Sam Atkins/Church Times

Gavin Drake speaks in the Synod on Monday afternoon

Gavin Drake speaks in the Synod on Monday afternoon

A PROMINENT General Synod member, Gavin Drake, has resigned, saying that “manipulation” of synodical process had prevented the Synod on Monday from hearing a motion calling for an independent inquiry into church safeguarding.

Speaking to journalists that afternoon, Mr Drake said: “I joined the General Synod to make the Church a safer place, and to campaign to improve safeguarding, and it’s quite clear that, even though the Synod wants that, . . . the Business Committee can use the time to prevent debate; they can use the time to prevent the facts being said.”

Mr Drake is the founder of the Jill Saward Organisation, named after his late wife, which campaigns for survivors of abuse; and he is the director of communications for the Anglican Communion Office.

On Monday morning, his motion — which included a call for an independent inquiry into what had happened with the now disbanded Independent Safeguarding Board (News, 3 July) — lapsed, because it narrowly failed to attract the support of three-quarters of Synod members, which was required if the Synod’s Standing Orders were to be suspended to allow it to be debated.

Introducing his motion, Mr Drake had said that it was “not a vote of no confidence in the Archbishops’ Council”, nor was it a call for a wide-ranging inquiry into all safeguarding across the Church of England: he was merely asking for a examination of the overall structures.

He outlined the difficulties that he had encountered. The motion was originally designed to follow an update from the Archbishops’ Council on Sunday about its decision to disband the ISB last month.

During that session, the Archbishop of York had confirmed that the Council had already reported the events relating to the ISB to the Charity Commission, and would be ordering an independent inquiry into what had happened, to report back to the Synod in November.
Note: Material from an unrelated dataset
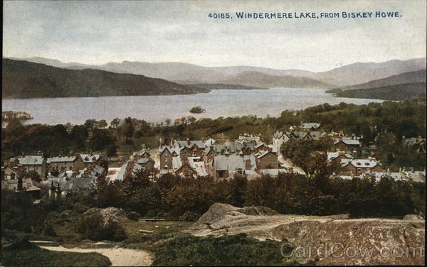 Front: 40185. WINDERMERE LAKE, FROM BISKEY HOWE. CA Back: SANAS A Published by THE PHOTOCHROM CO LTD LONDON & DETROIT U.S.A THIS SPACE FCR COMMUNICATION P.C Affix ½d Stamp 1d Stamp Foreign
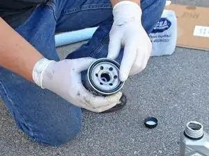 Нанесите тонкий слой чистого масла на резиновую прокладку нового масляного фильтра.

At the briefing announcing his resignation, Mr Drake said that he believed that his original proposal had been ruled out of order “in an attempt to prevent debate”. The reason given was that it could not be attached to a presentation that did not include a report; but he argued that the Synod paper issued by the Archbishops’ Council, and referred to during the presentation, amounted to a report.

“Sorry to use this word, but it’s a lie to stop the debate,” he said.

Sam Atkins/Church TimesThe installation of ribbons and messages on the York campus, paying tribute to survivors

The motion was extended and eventually heard, in part, on Monday morning, as a following motion to the Archbishops’ Council’s annual report.

Presenting it, Mr Drake criticised the Archbishops’ Council for disbanding the ISB, saying that the decision “and the manner in which it was done” had caused “untold damage to many, many people, and we as a Church have got to stop hurting people. . . While the ISB wasn’t working for the Archbishops’ Council, it was working for victims and survivors.”

The Church’s current safeguarding structures were “too complicated”, he said. An independent inquiry was needed if they were to be improved.

In the debate that followed, Peter Adams (St Albans) said that he shared Mr Drake’s concerns, but that this was not the best way to move forward.

Owing to timed business, Mr Drake’s motion faced the prospect of running out of time before being fully debated.

John Wilson (Lichfield), therefore, moved that the motion be adjourned until after the timed business. Mr Drake accepted the proposal, describing it as “good housekeeping”, and the Synod voted, by a show of hands, in favour of the move.

But when the item returned later in the morning, the chair announced that there was less than a minute remaining for the motion to be debated, unless three-quarters of members present voted for Standing Orders to be suspended.

Martin Sewell (Rochester) accordingly moved their suspension. The importance of Mr Drake’s motion, he said, was that it posed a “fundamental question as to how we proceed: either with an independent route of an inquiry, or saying to the Archbishops’ Council: ‘You organise this’”.

The procedural motion narrowly failed to reach the threshold: 175-69, with 17 recorded abstentions. As a result, Mr Drake’s motion could not be debated further.

“Because of the procedural shenanigans, the voice of the majority was silenced by the machinations of the Standing Orders and the Business Committee,” Mr Drake said afterwards.

“We need to do safeguarding right: we need to decide whether we’re serious about saying ‘We’ve made mistakes.’ But when [there are] opportunities to do something positive about it, they block.”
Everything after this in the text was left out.